In his latest weekly Flow Show, BofA’s Michael Hartnett touches on a familiar topic: the rise of global populism and where it ultimately ends: “the end of central bank independence“, which he calls the ultimately populist policy.
Confirming something we have said since inception and explaining – once again – the advent of such phenomena as Brexit, the European backlash against immigrants, and of course, Donald Trump, the BofA strategist writes that “central bank policies of QE, NIRP, ZIRP have unquestionably exacerbated the gap between Wall St & Main St in past decade.”
Meanwhile, the wealth gap continues and in the latest quarter the US private sector financial assets are now 5.5x greater than US GDP, an all-time high, with the bulk of said financial assets held by a tiny fraction of the population.
With the great divide between the haves and have nots continuing to grow – despite the election of numerous populist leaders in nations around the globe, most recently Malaysia, Austria, and Mexico – BofA warns that the inability of monetary & fiscal policy, global synchronized recovery, and record corporate profits to create sustained wage growth, investors must discount more protectionism, redistribution & ultimately debt monetization via central banks in coming years… all trends that a recession would dramatically accelerate.

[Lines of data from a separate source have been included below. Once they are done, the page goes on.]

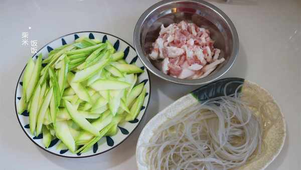 【食材】西葫蘆、粉條、五花肉、蔥、薑、蒜、鹽、老抽、生抽、香醋
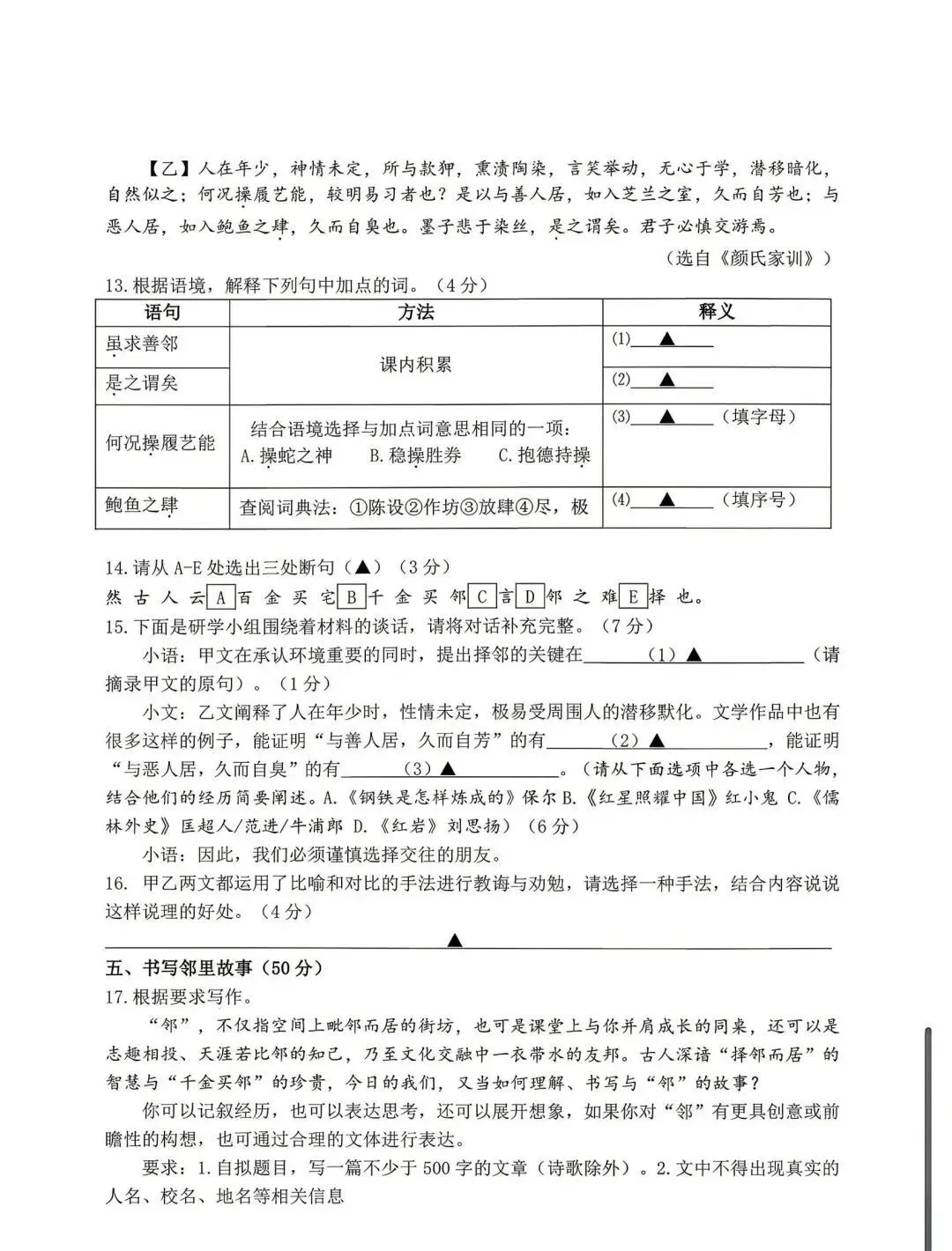 【2026浙江期末】杭州市上城区期末试卷【七八九】(语数英科社)
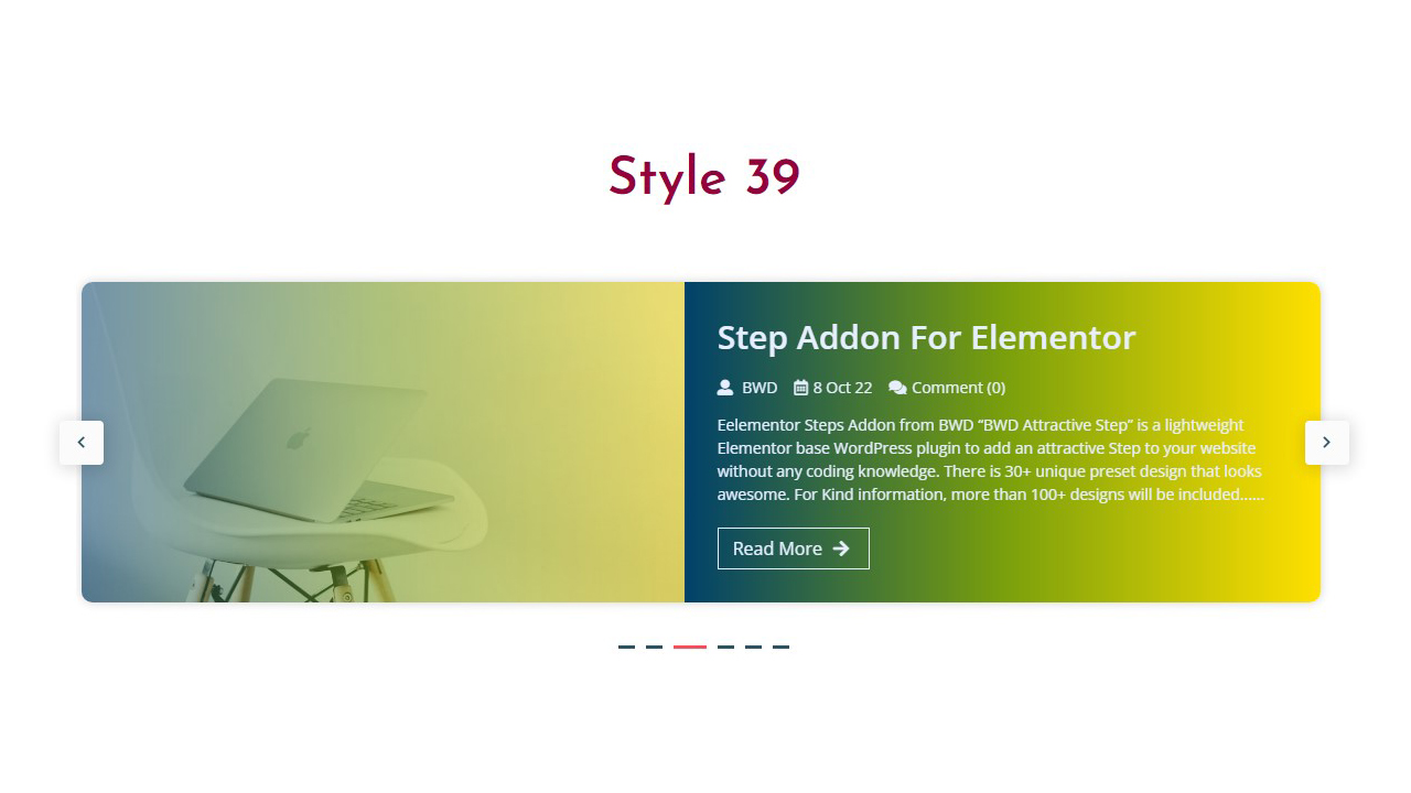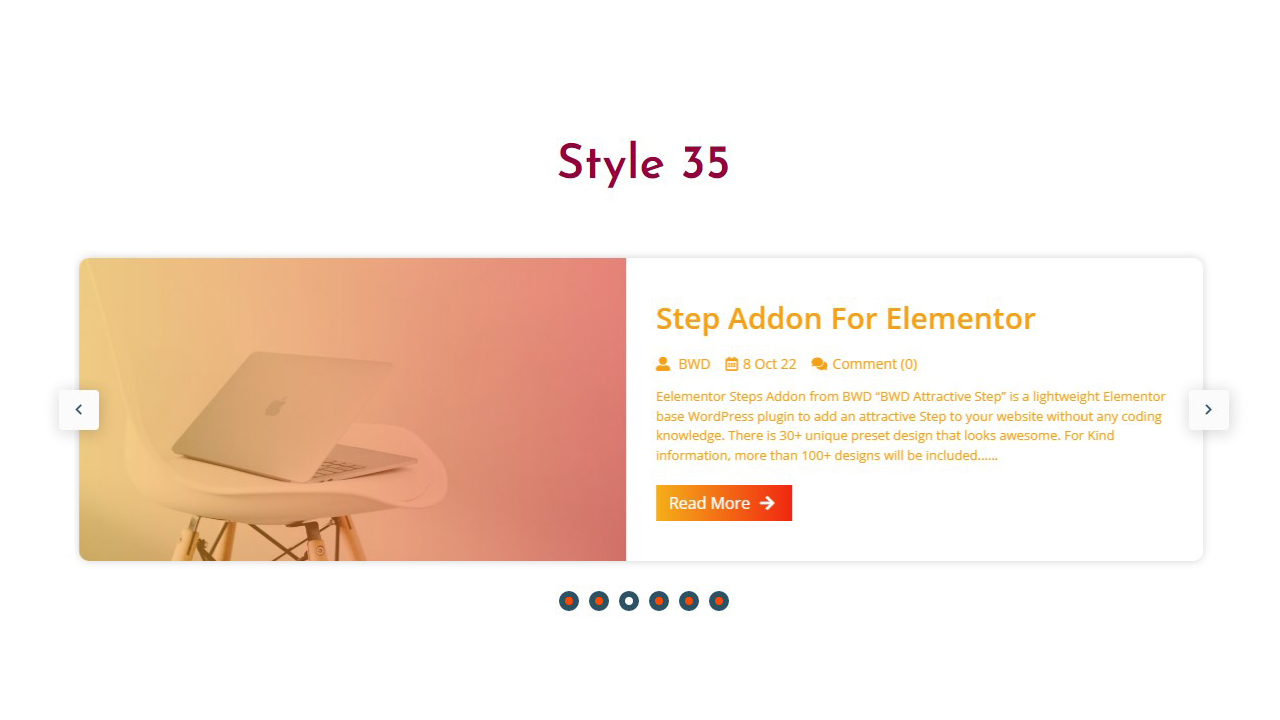 - Attractive Step – BWD Attractive Step is a lightweight Elementor base WordPress plugin to add an attractive Step to your website. There are 30+ unique preset designs that look awesome.

Hartnett then present the one asset class which he thinks will be the ultimate winner in the coming class wars:
gold is the secular beneficiary of the War on Inequality; investors note gold has fallen to its lowest level versus the S&P 500 since 2002.
That said for gold to be the “secular winner”, populism has to win the war on inequality, which also means defeat central banks, and they won’t go easy.
So what to do until then? Here Hartnett has two words: “Japanification” and FAANG, and notes that amid praise for the ongoing bull market, things are not quite as they seem, to wit:
profits, tax cuts, buybacks galore in 2018…and yet just 9 out of 45 MSCI country equity indices have outperformed 3-month T-bills (up 0.8%) YTD; cross-asset returns remain scant…US dollar & commodities 3%, stocks 2%, cash 1%, high yield & government bonds -1%, investment grade bonds -3%;
There is one exception to the market’s poor performance YTD: “the invincible US tech stocks, which trade as though interest rates will never go up”. And maybe they won’t: using a chart he has shown before, Hartnett notes that BoJ zero rates will lead an impotent ECB – at 0% until some time in 2036 – while anchoring Fed rates via more than $10tn of negatively yielding debt as well as dread of an inverted yield curve.
Hartnett then concludes with something we discussed earlier: the apparent infallibility of tech, and FAANGs in particular:
until investors fear the Fed there is little fear of FAANG stocks.
Which explains the relentless ascent of the FAANGs: as the tech strategist said last week, “Market Mocks And Loves The Fed.” If and when that changes, it will be time to cash out and finally make the shiny yellow metal great again.